DEV Community

kouwei qing
kouwei qing

Posted on • Edited on

Mastering the HarmonyOS Next Signature Verification Mechanism

#harmonyosnext

Mastering the HarmonyOS Next Signature Verification Mechanism

Background Introduction

Android app signing requires only one signature file. In the development environment, we use a debug signature by default. The debug signature alias is androiddebugkey, with the password android. The debug certificate is stored in the .android folder under the user directory, typically named debug.keystore, and doesn’t require special configuration in build.gradle.

HarmonyOS Next adopts a signing mechanism similar to iOS. Signing configuration information for the project is stored in the project-level build-profile.json5. When using automatic signing, the locally generated signing configuration path is automatically updated in build-profile.json5. This creates an issue: since each person’s signing path differs, build-profile.json5 cannot be configured to be ignored by Git nor maintained consistently in multi-person collaboration.

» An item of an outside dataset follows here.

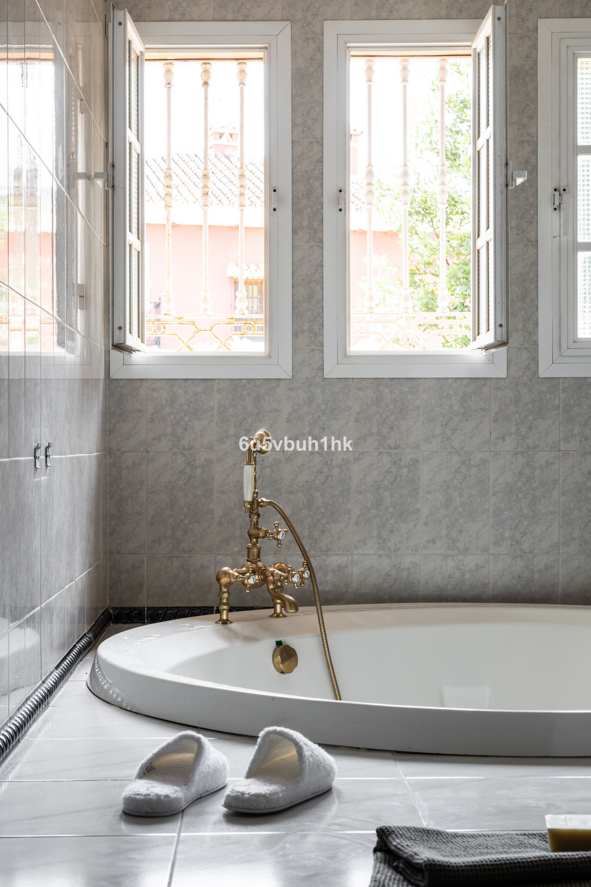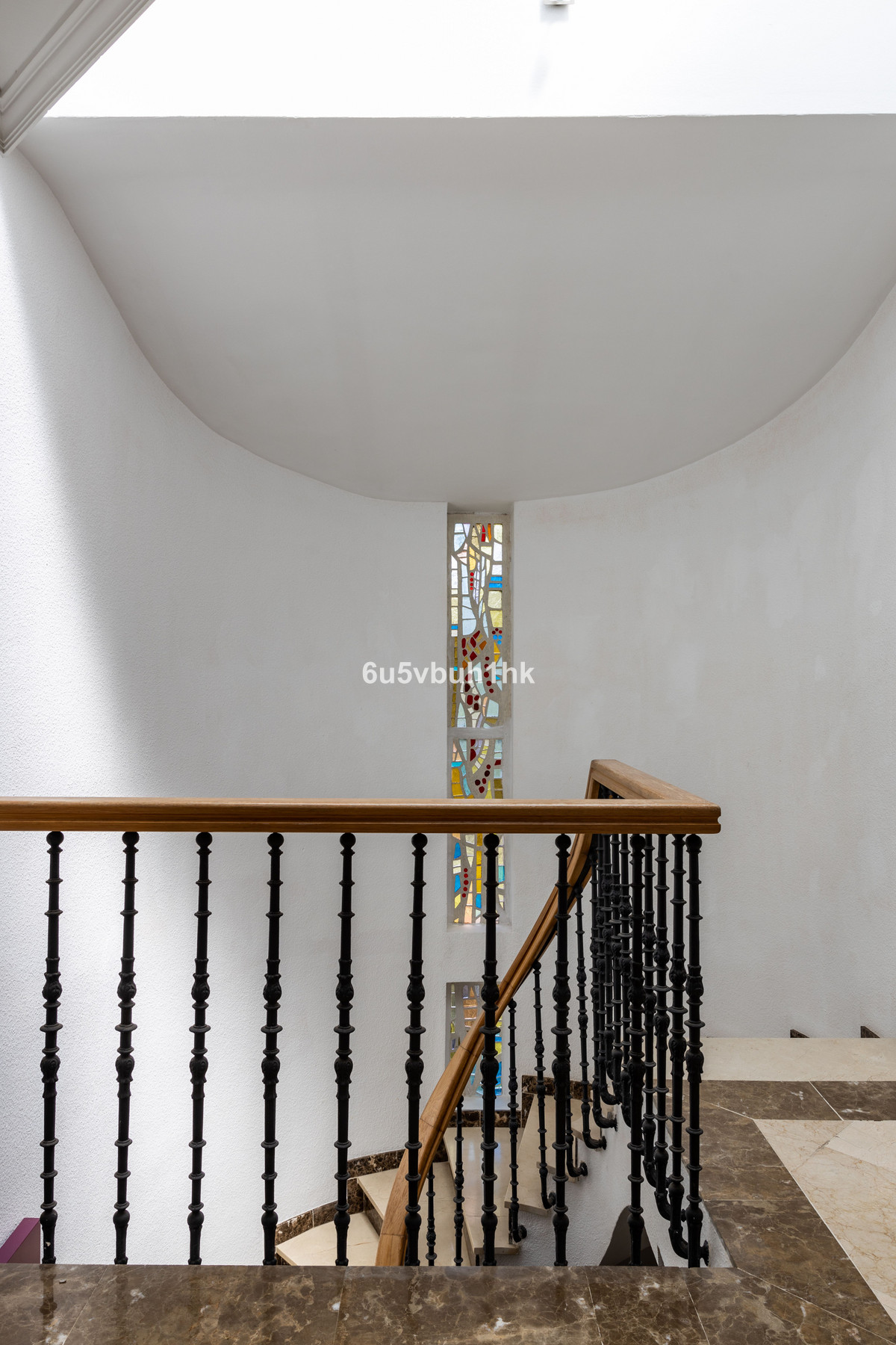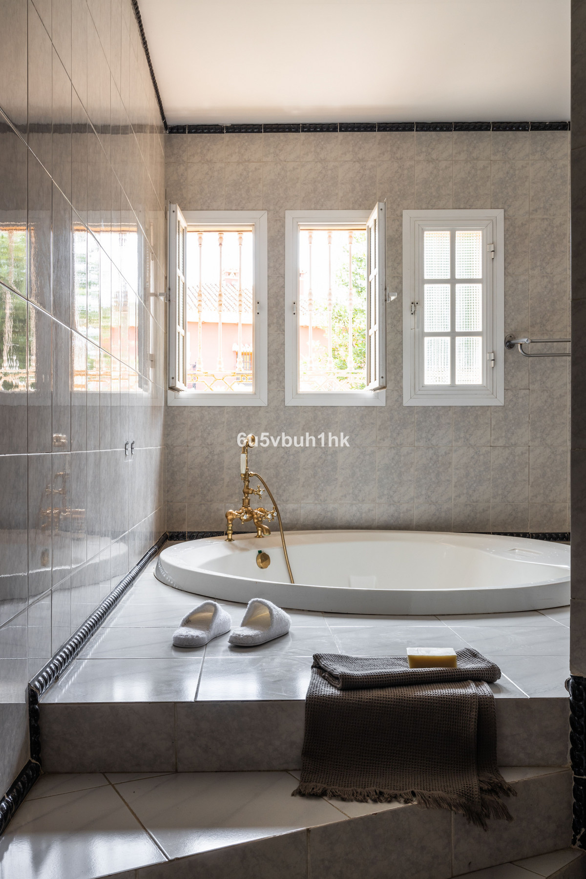 Cette luxueuse villa, dotée d'un magnifique jardin tropical et d'une piscine privée, est à voir absolument. Entièrement modernisée, elle est à vendre à El Coto, Fuengirola. En entrant dans la maison, vous découvrirez un vaste hall d'entrée qui s'ouvre sur un magnifique vestibule où se trouve l'escalier sur la droite. Au premier étage, vous trouverez une grande cuisine indépendante avec buanderie attenante, des toilettes invités, une salle à manger et un spectaculaire salon en L avec cheminée et de grandes baies vitrées donnant sur le jardin et la piscine. Le deuxième étage abrite quatre chambres spacieuses avec terrasses offrant de superbes vues. La suite parentale dispose d'une salle de bains privative avec dressing ; une salle de bains est également partagée. Le jardin comprend un espace barbecue, une terrasse et une pelouse arborée d'arbres fruitiers, ainsi qu'une piscine privée. Cette propriété dispose d'un garage double, d'un appartement indépendant pour les invités et d'une grande cave à vin au sous-sol. Idéale pour un investissement locatif ou une famille, elle se situe à proximité immédiate de toutes les commodités : supermarché, pharmacie, restaurant et commerces. Parfaite pour y vivre à l'année ou pour les vacances, elle offre un excellent potentiel locatif.

Before Develop Beta6, we could create a sign folder in the project, use my account to generate signing files automatically, copy them to the sign folder, and allow others to use my signature for development and debugging. However, starting from Develop Beta6, sharing automatically generated signatures causes real-device installation failures:

09/06 18:10:04:702: $ hdc shell bm install -p data/local/tmp/140f0b9059b04d8286941346c79d8f7b  in 304 ms
Install Failed: error: failed to install bundle.
code:9568322
error: signature verification failed due to not trusted app source.
View detailed instructions.
09/06 18:10:04:791: $ hdc shell rm -rf data/local/tmp/140f0b9059b04d8286941346c79d8f7b
09/06 18:10:04:792: Launch com.qingkouwei.demo failed, starting handle failure progress
Error while Deploy Hap
Enter fullscreen mode Exit fullscreen mode

As the HarmonyOS system stabilizes through iterations, system security has been strengthened. During installation, the system now verifies whether the UDID in the signature matches the device UDID. This necessitates continuing with automatic signing and finding a thorough solution.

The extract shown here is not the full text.